To top it off, the combination of spring break and spiritual holidays has public health officials on high alert, worried that extended travel and large family or neighborhood gatherings will undo much of the progress made in recent weeks. “We know the virus does not respect borders,” Ferrer said. “We must remain diligent and continue to take precautions.”

*  *  *

Statewide, it’s impossible to separate communities’ feelings about school reopening from the COVID realities the families in those neighborhoods have endured. “COVID disproportionately impacted our communities of color, and they are especially cautious about the pace of reopening classrooms,” said E. Toby Boyd, president of the California Teachers Association. (Disclosure: The union is a financial supporter of this website.)

In a recent poll conducted for the CTA, 62% of white parents said they were “very or fairly confident” that schools were safe for in-person learning. Among Latino parents, that number dropped to 39%; for Asian Americans and Pacific Islanders it was 35%, and among Black parents it fell to just 28%. Meanwhile, parents of color were far more likely than whites to say schools were reopening too quickly.

“I feel that things are moving too fast,” said Mariela Velasquez, who volunteers in her children’s elementary classrooms in Fresno. One of the things she has learned from her time in those classes, she said, is that “kids don’t always listen” and are unlikely to keep their distance or spend extended time with a mask on. “We’ve come too far to let our guard down,” she added.

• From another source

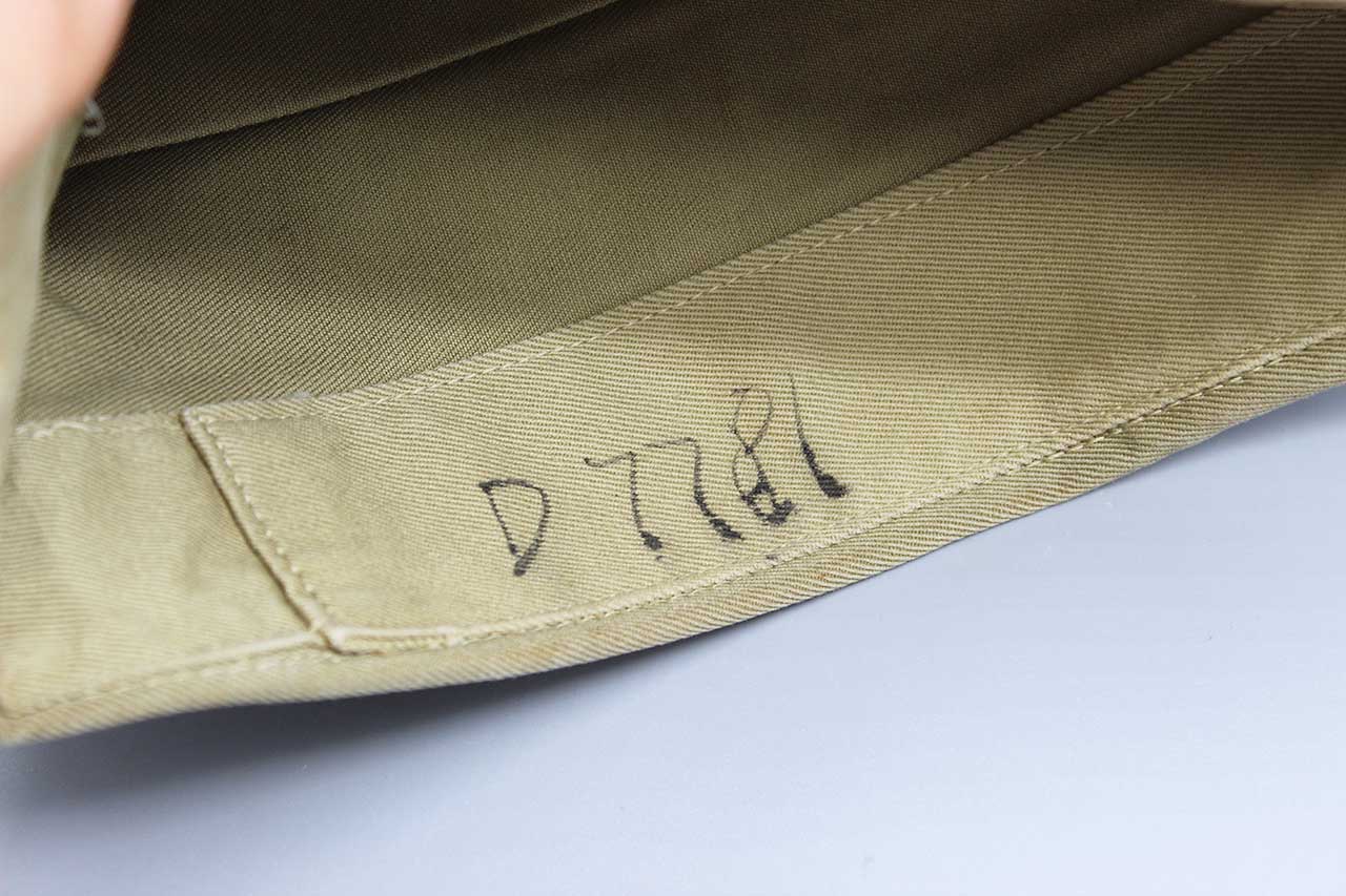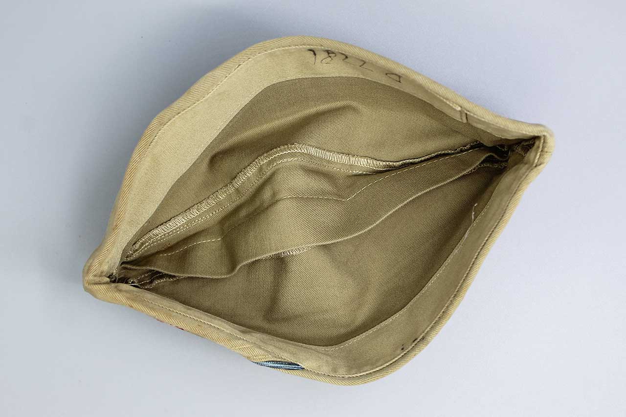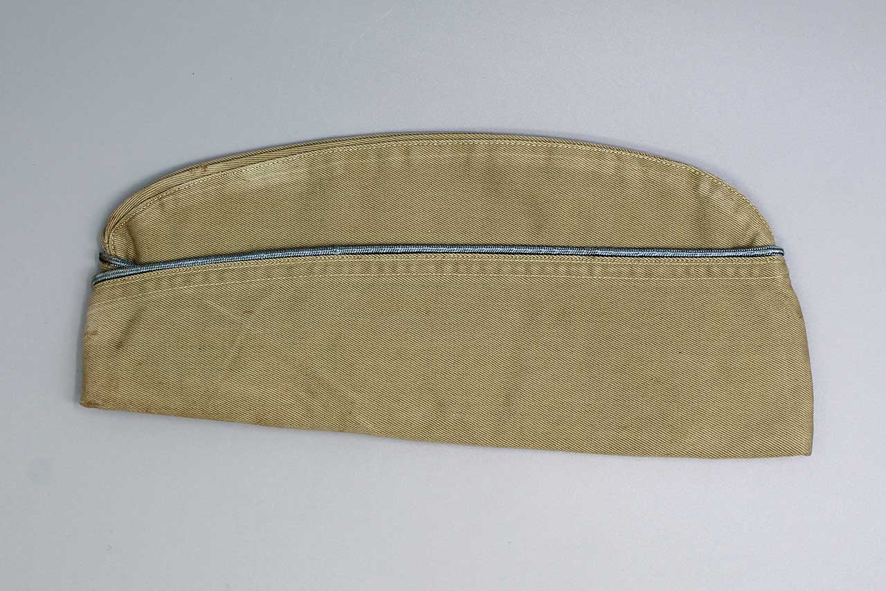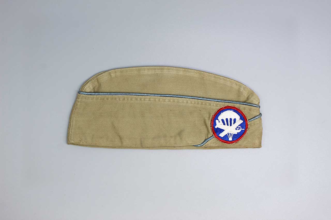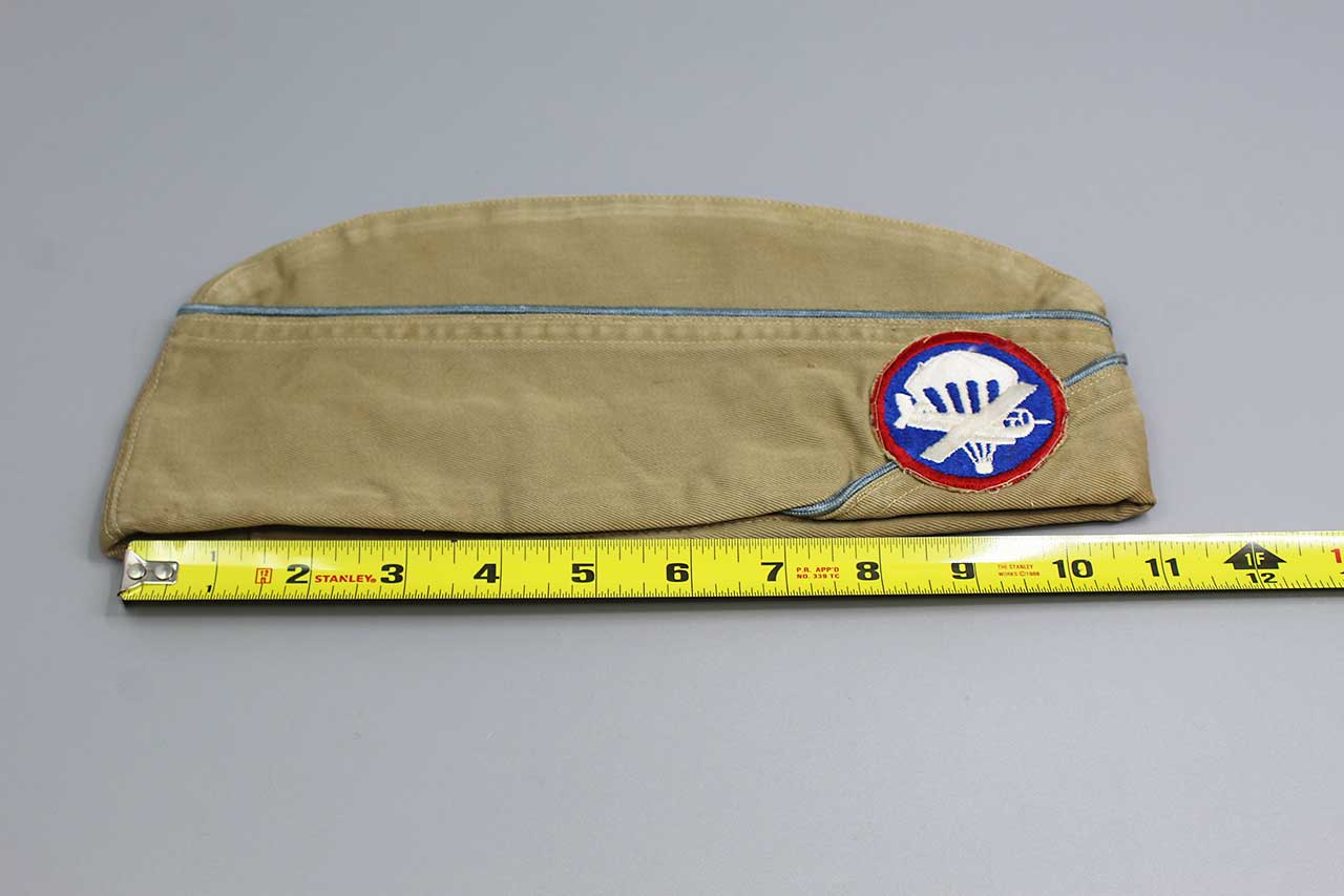 United States Army Officer Airborne Para-Glider Tropical (Khaki) Garrison Cap. 1940s (ww2) era. Blue piping for Infantry. Military laundry number on interior of cap appears to be: D 7781. Military Issue cap. Worn condition.

As almost any parent of a student might attest, there are powerful reasons to want to see in-person instruction resume, including critical socialization opportunities, the easing of child care issues and many others. But in the LAUSD, as in most districts around the state, that doesn’t necessarily mean personal instruction. At the middle and high school levels, students who choose in-person learning will indeed be in a classroom with their teacher and around other students — but they’ll be logged into an online portal at their desks, watching, while the teacher several feet away instructs both those in the room and those still learning from home.

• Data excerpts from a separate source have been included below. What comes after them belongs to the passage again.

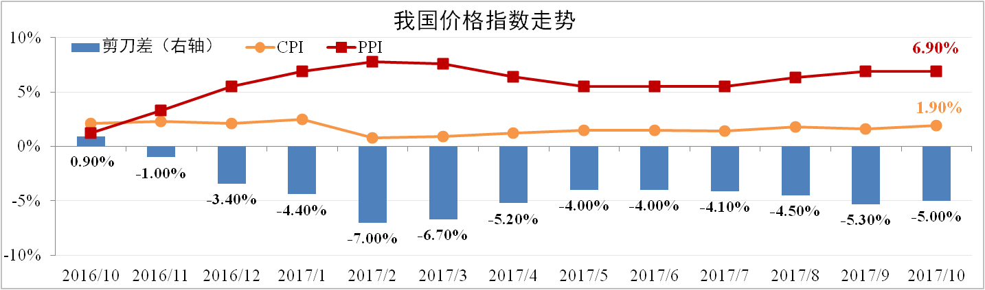 10月份我國CPI為1.9%,較上月擴(kuò)大0.3個(gè)百分點(diǎn),主要受食品價(jià)格跌幅縮小以及服務(wù)價(jià)格上漲所致。10月PPI為6.9%,超出市場預(yù)期,有色金屬礦石開采以及石油價(jià)格上漲是主要支撐力量。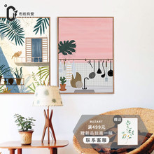 布纸有爱 鱼与猫 餐厅装饰画北欧客厅墙画画现代简约壁画卧室挂画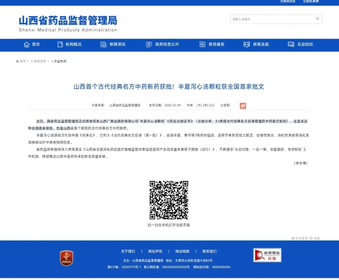 2025年12月22日,山西广誉远国药有限公司正式获得国家药品监督管理局核准签发的“半夏泻心汤颗粒”《药品注册证书》。这一纸批文,不仅标志着山西省首个古代经典名方中药新药诞生,也让广誉远成为该品种全国首家获批企业。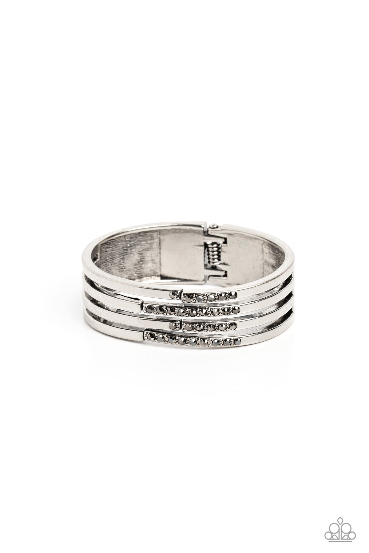 Labyrinth Lure - Silver Hematite Rhinestone Hinged Bracelet - Paparazzi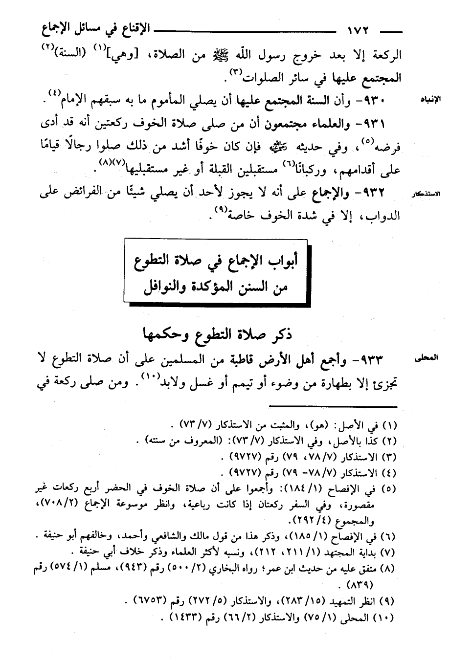 ٩٣٣ - وأجمع أهل الأرض قاطبة من المسلمين على أن صلاة التطوع لا تجزئ إلا بطهارة من وضوء أو تيمم أو غسل ولا بد. ومن صلى ركعة في

The lack of hands-on teaching is another reason why some families may choose to stay in distance learning mode through the end of this school year. In fact, that’s the assumption that LAUSD makes when conducting its surveys, which explains some slight give in its numbers. If a family fails to return a survey, the district assumes it means the student(s) in that household will remain online. (According to the most recent data, surveys have been completed by 78% of families with elementary school students, 70% of middle schoolers and 65% of high school students.)

“The issue of whether students attend schools in person rather than remaining online has enormous implications for public education in Los Angeles, and across the country,” Beutner said. “The opportunity gaps for students from families who are struggling to get by will only worsen if they are not back in schools sometime soon.”

It is a very real consideration. But after months of making it plain that the classroom environment was not a safe one for students, the district is now trying to turn around a very large ship in a very short amount of time — and L.A.’s parents and students have only the mildest interest in coming along for that ride.